Волосы его были коротко острижены под машинку, так что выдавалась белизна скальпа, и выглядели весьма грозно. Впереди он навощил их из тюбика, который всегда носил в заднем кармане джинсов, так что они топорщились над лбом, как зубы этакой нечистой силы; страсти-мордасти. Его сопровождал запах пота и жвачки «Джуси Фрут». В школу он носил розовый мотоциклетный жакет с изображением орла на спине. Однажды один четвероклассник проявил тупость – высмеял его жакет. Генри повернулся к маленькому наглецу – гибко, как ласка, и быстро, как гадюка – и обрушил на его голову двойной удар. Наглец лишился трех передних зубов. Генри исключили из школы на две недели. Бен надеялся с неосознанной, но отчаянной надеждой униженного и оскорбленного, что Генри исключат совсем, а не на время. Но этого счастья не случилось. Не рой яму другому... Наказание окончилось, Генри снова разгуливал по школьному двору все в той же своей мотоциклетной тужурке, волосы так сильно навощены, что, казалось, вопят из его черепа. Оба глаза распухшие, с разноцветными следами побоев – отцовская награда за «драку на площадке». Следы побоев постепенно прошли; для детей же, которые должны были как-то сосуществовать с Генри в Дерри, урок не прошел даром. Насколько было известно Бену, с тех пор никто больше не трогал его мотоциклетную тужурку с орлом на спине.
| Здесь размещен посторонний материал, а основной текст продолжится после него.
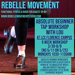 Always wanted to learn to tap, but you're not sure where to start? Absolute Beginner Adult Tap with Lou Moulder from Rebelle Movement is a great class for the tap novice. Classes will focus on establishing basic tap fundamentals, vocabulary, and basic rhythms to create more advanced combinations of sound. No previous tap experience is necessary. Some modifications can be made to support students that require a more low-impact workout. This class is made for adults (18-80+). ****THIS CLASS IS HELD AT: Lane Community College - FLORENCE CAMPUS - Ditzhazy Dance & Wellness Studio ****REGISTRATION is through Rebelle Movement directly and not LCC 10:30-11:30am, Monday March 30 - June 8 (no class 5/11 or 5/25) Tuition $135 for 9 week series or $17 for Drop-In

Когда Генри зловещим шепотом попросил дать ему списать, три мысли молниеносно, в тысячные доли секунды пронеслись в голове Бена. Первая: если миссис Дуглас заметит, что Генри сдувает у него ответы, оба получат нули за экзамен. Вторая: если он не даст ему списать, то почти наверняка тот поймает его после школы и проучит своими двойными ударами, и, возможно, Хаггинс будет держать одну его руку, а Крисс – другую.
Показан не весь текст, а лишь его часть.